An extension for panoramas that do not cover the complete vertical range, i.e. with a vertical field of view less than 180 degrees. Such panoramas might be the result of converting a cylindric panorama to a spherical panorama, which is necessary since Panosalado 2 does not natively support cylindric panoramas natively.
Some documentation to show how to use this extended version on your web page.

Please note that I have just implemented the things that I needed. For a demo of the functionality, please visit my panorama gallery. Basically, changing the camera's direction of view interactively is supported. Panosalado supports more than this, for instance, dynamic changes of the camera's field of view (zooming), auto-rotation (turning the camera without user interaction), hotspots, etc. Maybe, I will make (some of) these features available through my Flash component in the future. Since Panosalado is released under the GPL, I make the compiled viewer including the complete source code available on this web page (so feel free to add or change things).

For everyone requiring more functionality: You might also want to have a look at another player based on Panosalado called SaladoPlayer by Marek Standio.

Download

The ready to use viewer and the complete source code can be downloaded from here:

Version History

Version 2010-10-17: Fixed a bug that prevented the viewer from working with Flash player 10.1. Thanks to Marek for reporting this bug.
Version 2010-09-09: Initial release.

Using the Panorama Viewer

If you want to use the viewer on your web page, first download one of the archives above. From this archive, you only need the Flash component PanoSaladoViewer.swf. Copy this file onto your web server.

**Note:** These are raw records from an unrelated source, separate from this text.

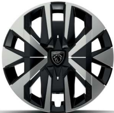
Jantes tôle 16" avec enjoliveurs MONTI Gris Eclat avec vernis brillant & noir grainé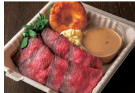
蔵王牛のローストビーフ ヨークシャープディング Zao roast beef and Yorkshire Pudding ¥2,000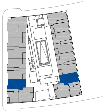
Portales A y H. Plantas 1ª, 2ª, 3ª, 4ª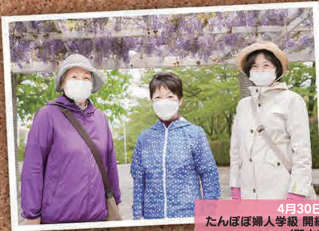
4月30日(土) たんぼぼ婦人学級 開級式&ウォーキング (郡山市)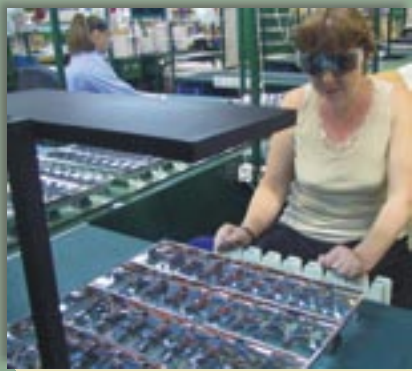
Fot. 6. Stanowisko montażu rastrów oświetlone modelem oprawy z asymetryczną płytą światłowodzącą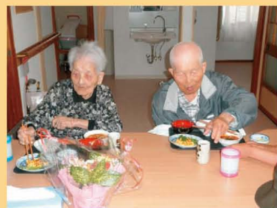
手作りの昼食！『おいしい』と大好評でした♪

6月に開所しました 「団らの家」日野東です 日野はのどかで、空気がお いしい！散歩がとても 楽しいですよ♪ 料理得意のスタッフが 作る昼食は、味に自信が あります！！ ぜひ、みなさんお気軽に 体験にお越しください！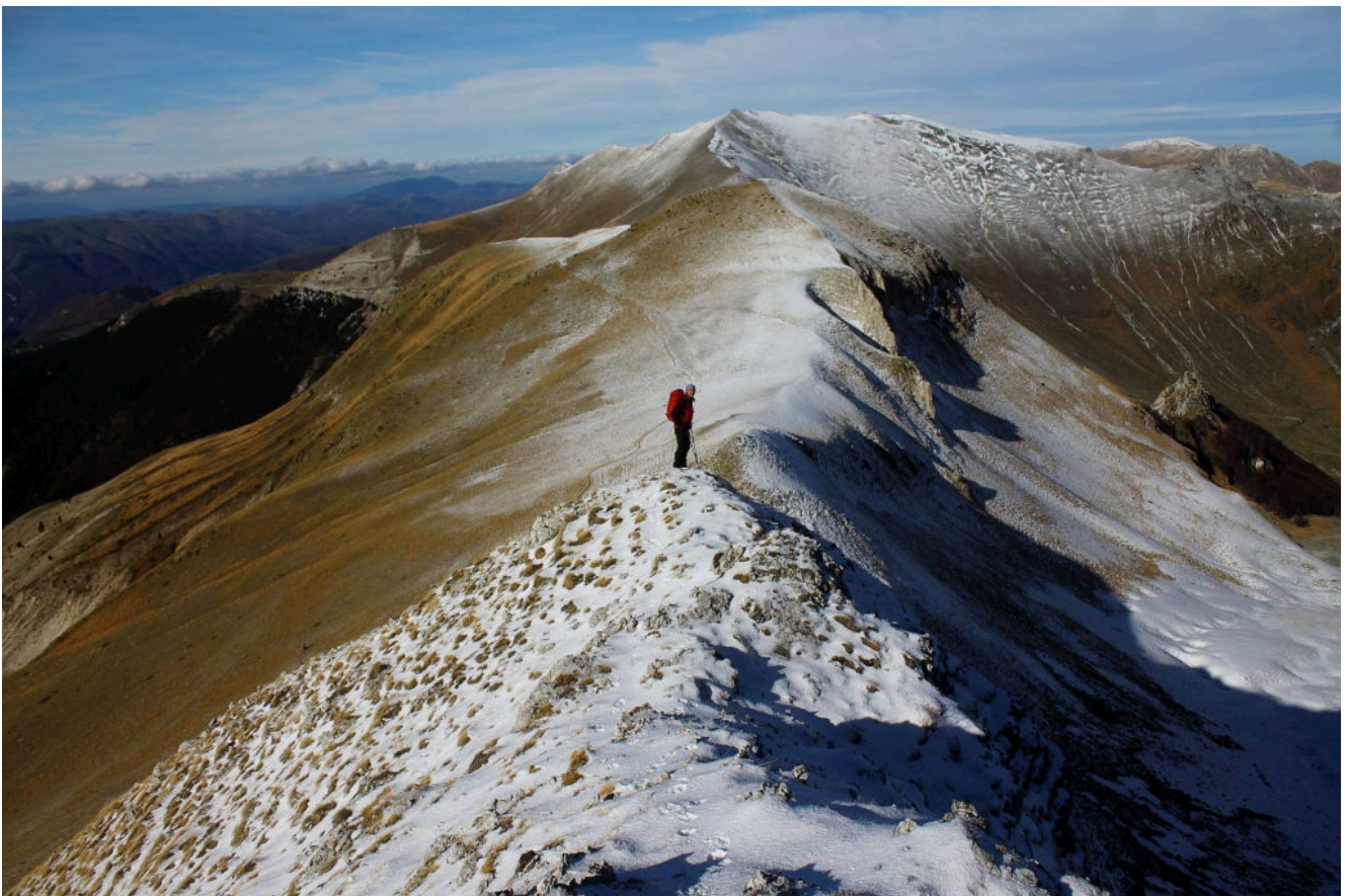
27- La cresta che scende da Cima di Vallinfante verso la Cima di Passo Cattivo.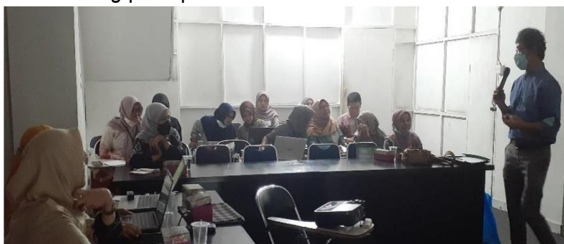
Gambar 4. Pemaparan Materi mengenai Metode Kuliah Interaktif

bertahan selama perkuliahan lebih dari 30 menit. Materi yang disampaikan dosen senior dari DPK mengingatkan peserta tentang kegiatan interaktif dengan mahasiswa yang perlu selalu dijaga, baik melalui diskusi langsung ataupun memanfaatkan aplikasi online seperti kuis dan lain sebagainya. Kedua materi di atas membuka wawasan bagi para dosen dan menginspirasi mereka untuk melakukan kegiatan perkuliahan lebih interaktif dan melakukan pendekatan dengan mahasiswa sehingga materi yang diberikan dapat dipahami dengan mudah oleh mahasiswa. Pada akhir pertemuan, peserta mengungkapkan keinginannya untuk memperbaiki pola mengajar yang selama ini mereka terapkan, dan mereka akan mempraktekannya pada kegiatan praktik microteaching pada pelatihan hari kedua.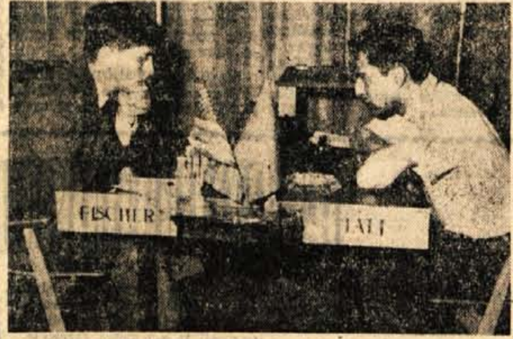
V ponedeljek je bilo največje zanimanje za njun dvoboj

(Kraljeva indijka) Partija iz I. kola blejskega mednarodnega veleturnirja 1. d4, Sf6, 2. e4, d5, 3. Sc3, Sbd7, 4. Sf3, g5, 5. e4, e5, 6. Le2, Lg7, 7. 0-0, 0-0, 8. Te1, c6, 9. Lf1, a5, 10. Td1, Te8, 11. d5, Sc5, 12. b3, ed, 13. cd, Ld7, 14. Sd2, Dc7, 15. a4, Tf8, 16. Sc4, Se8, 17. Le3, f5, 18. e7, g7, 19. Tcd, Sf6, 20. Sd6, Dd6, 21. Sb5, Lb5, 22. Lcd, Dd8, 23. Lb6, e4, 24. f3, Kh 8, 25. fe, S: e4, 26. T: e4, fe, 27. L: f3, D: f3, 28. d5, Td8, 29. d7, Df4, 30. Te4, Dc3+, 31. Khl, Lf6, 32. g3, Kg7, 33. Dg4+. Črni je prekorščil čas.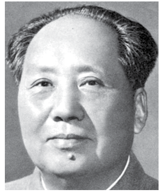
"සමාජයේ වෙනස්වීම සිදුවන්නේ එහි පවතින ප්‍රතිවිරෝධයන්ගේ වර්ධනය හේතුවෙනි. නිෂ්පාදන බලවේග සහ නිෂ්පාදන සම්බන්ධතා අතර ප්‍රතිවිරෝධයේත්, පංති අතර ප්‍රතිවිරෝධයේත්, අභාවයට යන පරණා දේ හා නැති එන අලුත් දේ අතර ප්‍රතිවිරෝධයේත් වර්ධනය හේතුවෙනි. පැරණි සමාජය යට කරගෙන අලුත් සමාජයට ඉදිරියට වර්ධනය වීමට ඉඩ දෙන්නේ මේ ප්‍රතිවිරෝධය නිසාය."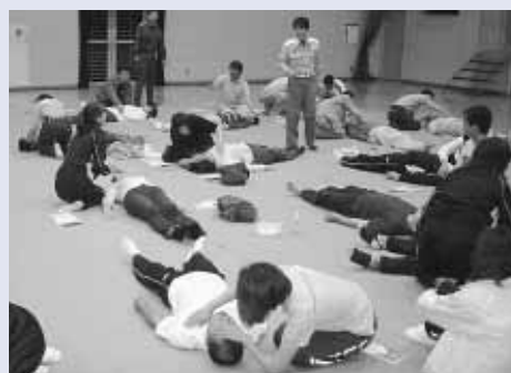
救命講習会の様子

下恵土体育振興会は、下恵土自治連合会・下恵土公民館と協力し、スポーツ行事の企画運営の中心的な役割を果たしています。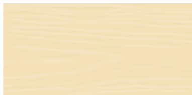
Natural Wood 08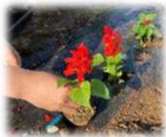
一株一株を大切に植えました

本校を訪れる皆さんや道路を利用する皆さんの心を少しでも癒やすことができれば嬉しいです。これから雑草と格闘する時期でもありますが、各クラスで協力して、いただいた大切な命を育てていきたいと思えます。ご来校の際はぜひ、お子さんのクラスの花壇をご覧ください。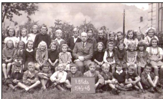
První ředitel české školy s dětmi, školní rok 1945/46.

V dřívějších dobách, kdy ještě nebyla autobusová doprava tak rozšířena, jezdily děti do školy v Benešově n. Pl. většinou vlakem ze zastávky v Malé Veleni.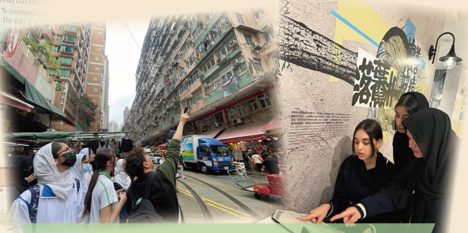
舉辦社區考察、文化體驗等沉浸 活動，聯繫學生的文化背景，培 養欣賞和尊重的態度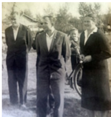
Депутат Ю.А. Гагарин в Новодугино

Гагаринский урок включен Министерством образования и науки Российской Федерации в Календарь образовательных событий и рекомендован к проведению в общеобразовательных организациях.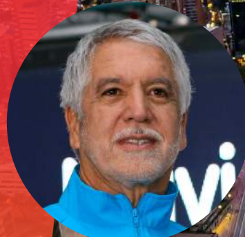
Enrique Peñalosa Alcalde de Bogotá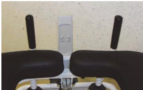
Obrázek 1: Zobrazení tlačítka pro nastavení výšky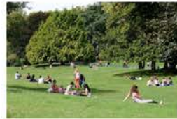
Pelouse libre : ce serait bien d'avoir des balançoires aussi, ou de quoi pique-niquer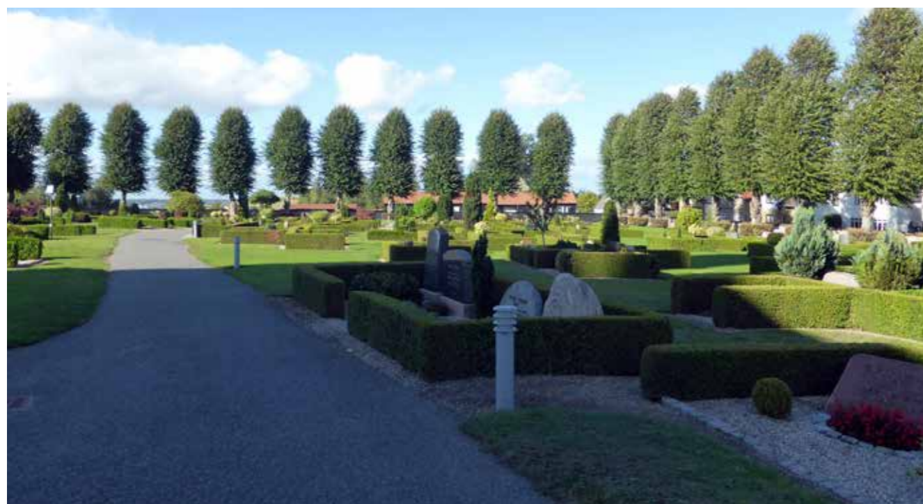
Kirkegården ligger højt og er indrammet af høje stensætninger, stendiger og stynede træer.

Af Lene Halkjær Jensen, redaktion@danskekirkegaarde.dk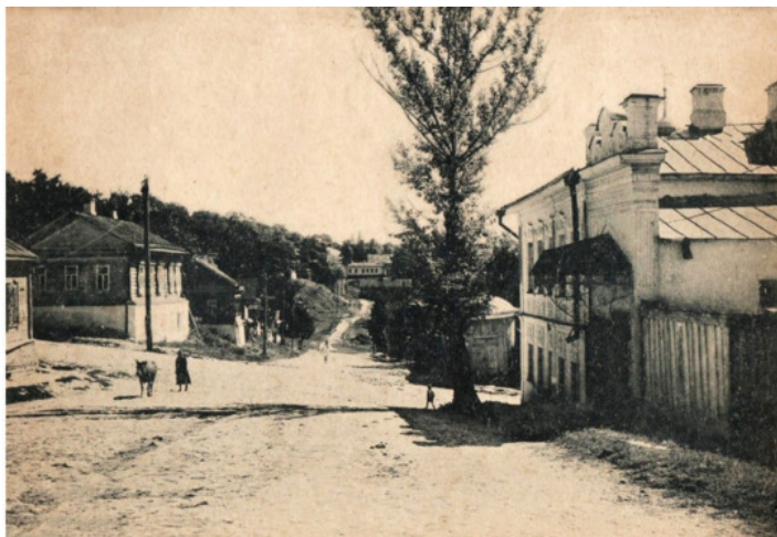
Улица Баранова Гора, старая Калуга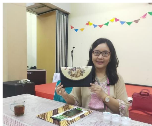
Gambar 5. Hasil Kerajinan Tas Decoupage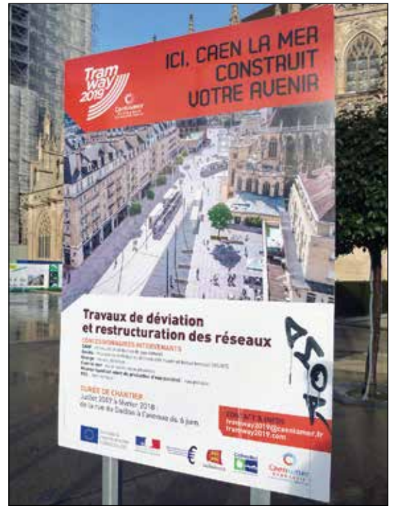
Skylt som informerar om det kommande arbetet med den nya spårvägen.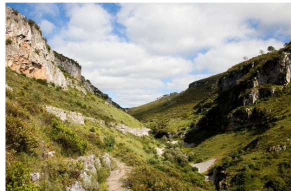
Canhão do vale dos Poios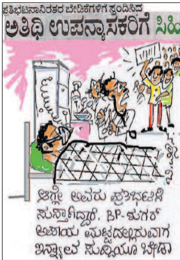
ಇಂಗ್ಲೆಂಡ್ ಅವರು ಪ್ರತಿಭಟನೆಗೆ ಸುಸ್ತಾಗಿದ್ದಾರೆ. BP-ಕುಗರ್ ಅಜಿಯ ಉಚ್ಚದಲ್ಲರುವಾಗ ಇನ್ನಷ್ಟೇ ಸುಸ್ತಿಯೂ ಬೇಡ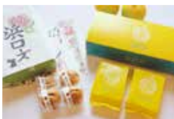
第30回各部門最優秀賞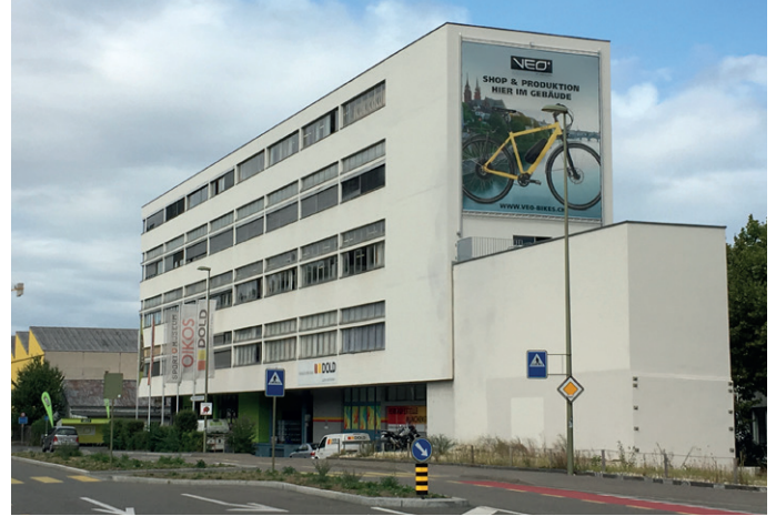
Ansicht Reinacherstrasse Süd

A minimal web page using the panorama viewer looks like this:

<html>

<head>
  <title>Pano Test</title> 
  <script type="text/javascript" src="scripts/swfobject.js"></script>
  <script type="text/javascript">
    var flashvars = {};
    flashvars.path = "pano/pano_f.xml";
    flashvars.fov = "55";
    flashvars.pan = "0";
    flashvars.tilt = "0";
    flashvars.info = "Foobar";
    var params = {};
    params.allowfullscreen = "true";
    swfobject.embedSWF("PanoSaladoViewer.swf", "PanoArea", "800", "600", "10", "expressInstall.swf", flashvars, params);
  </script>
</head>

<body>
<div id="PanoArea"> 
  This page requires Adobe Flash
  (<a href="http://www.adobe.com/go/getflashplayer">Download Adobe Flash</a>) 
</div>
</body>

</html>

The viewer requires Flash version 10. Swfobject takes care of loading the component and embedding it into the web page at the place of the element with the given id (PanoArea in the example).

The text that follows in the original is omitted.